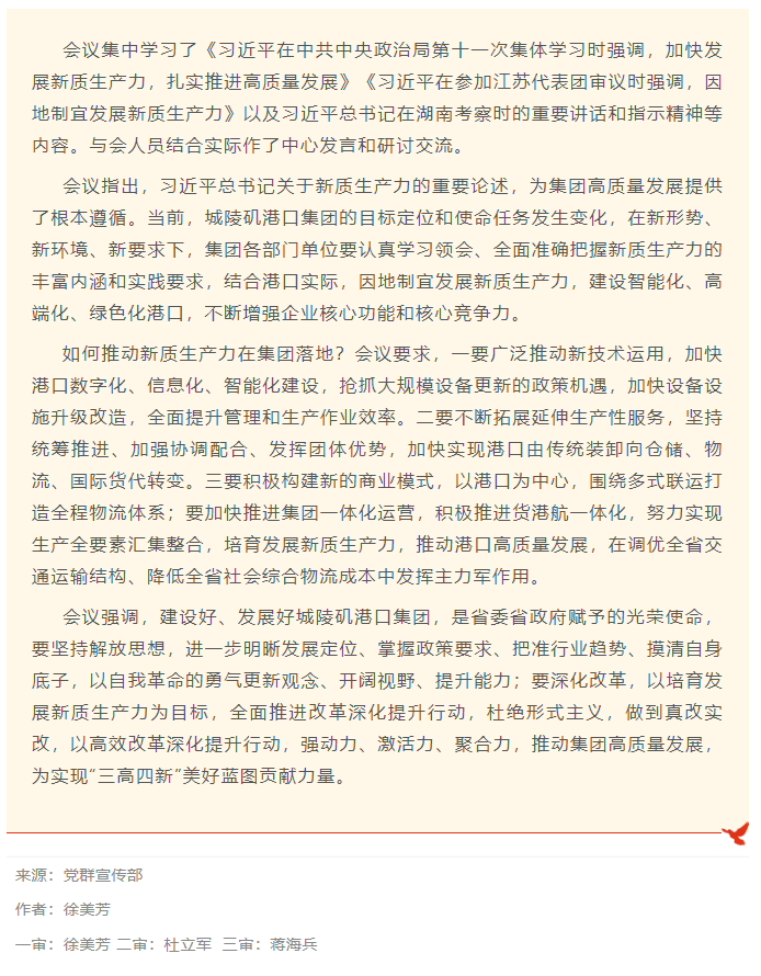 城陵磯港口集團(tuán)黨委中心組開(kāi)展2024年第二次集體學(xué)習(xí)
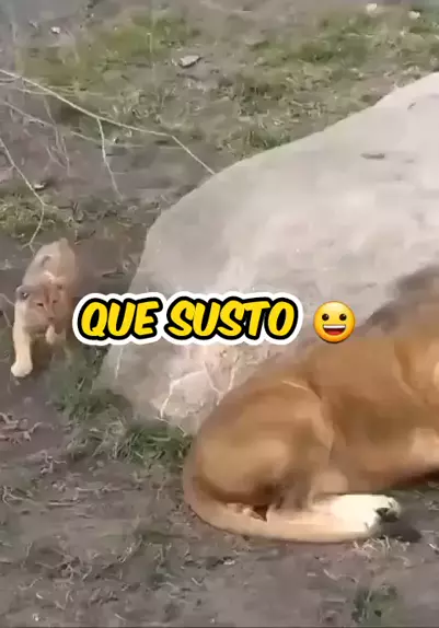 Filhote de leão assusta o pai 😂😂
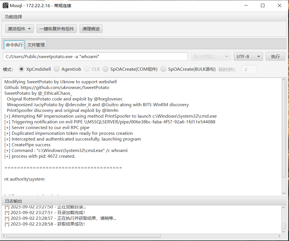 这里一眼sweetpotato提权,但你直接传文件是会报错的,开了那个Ole之后就能正常上传了
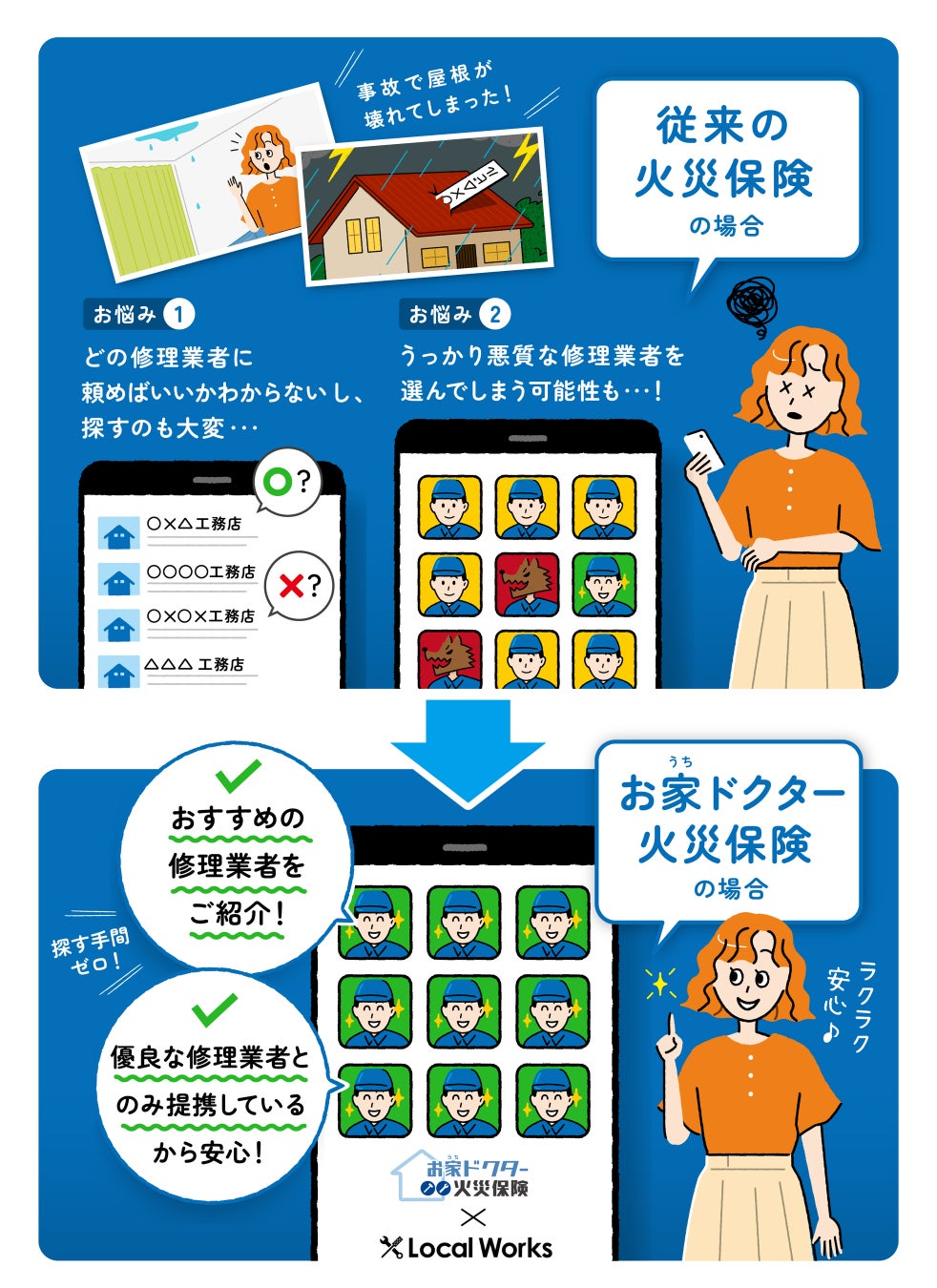 全国に約5,000社の修理業者のネットワークを擁するローカルワークス社が、本商品のために優良な修理業者(指定工務店)を評価・選抜し、事故の際に住まいの修理を担う仕組みを新たに導入しました(業界初)。お客さまにとって手間なく高い品質の修理が可能となります。
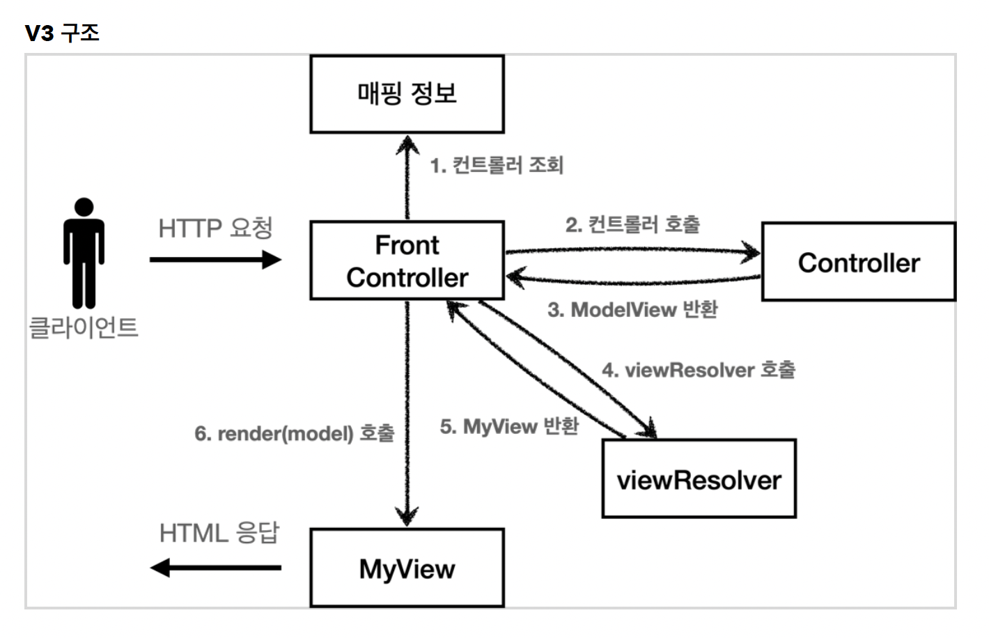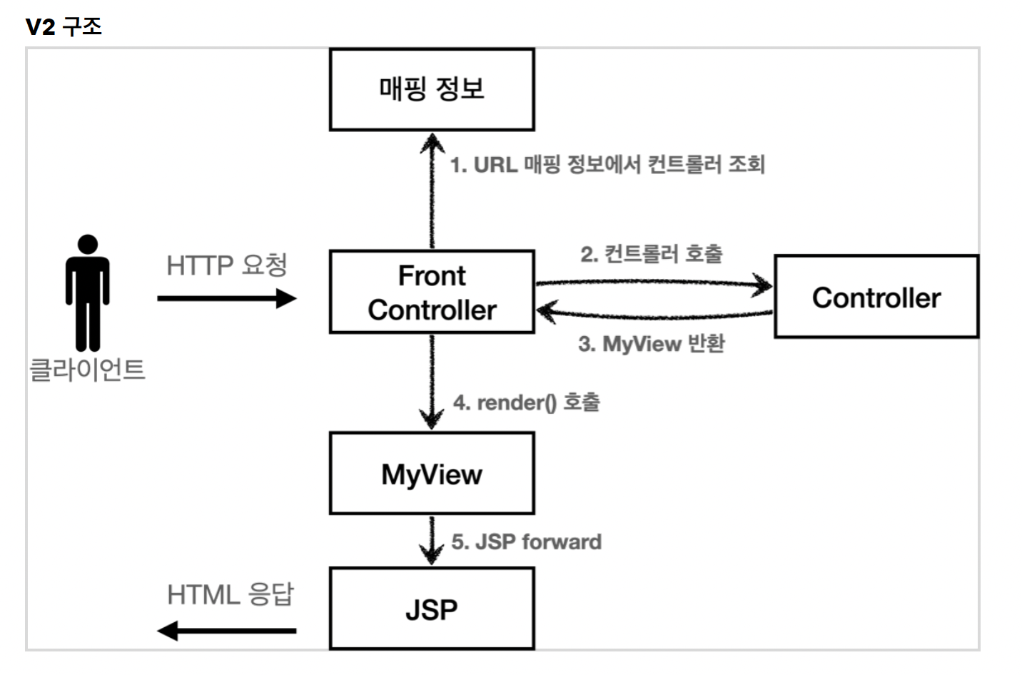 - 앞서 ControllerV2의 반환 타입이 MyView이므로, 프론트 컨트롤러도 해당 타입으로 받음

What the exercise asks: From the line with "这里一眼sweetpotat" through the end of the listing, write out every line exactly, leaving out the pictures.

Result for this exercise:
 这里一眼sweetpotato提权,但你直接传文件是会报错的,开了那个Ole之后就能正常上传了
 全国に約5,000社の修理業者のネットワークを擁するローカルワークス社が、本商品のために優良な修理業者(指定工務店)を評価・選抜し、事故の際に住まいの修理を担う仕組みを新たに導入しました(業界初)。お客さまにとって手間なく高い品質の修理が可能となります。
 - 앞서 ControllerV2의 반환 타입이 MyView이므로, 프론트 컨트롤러도 해당 타입으로 받음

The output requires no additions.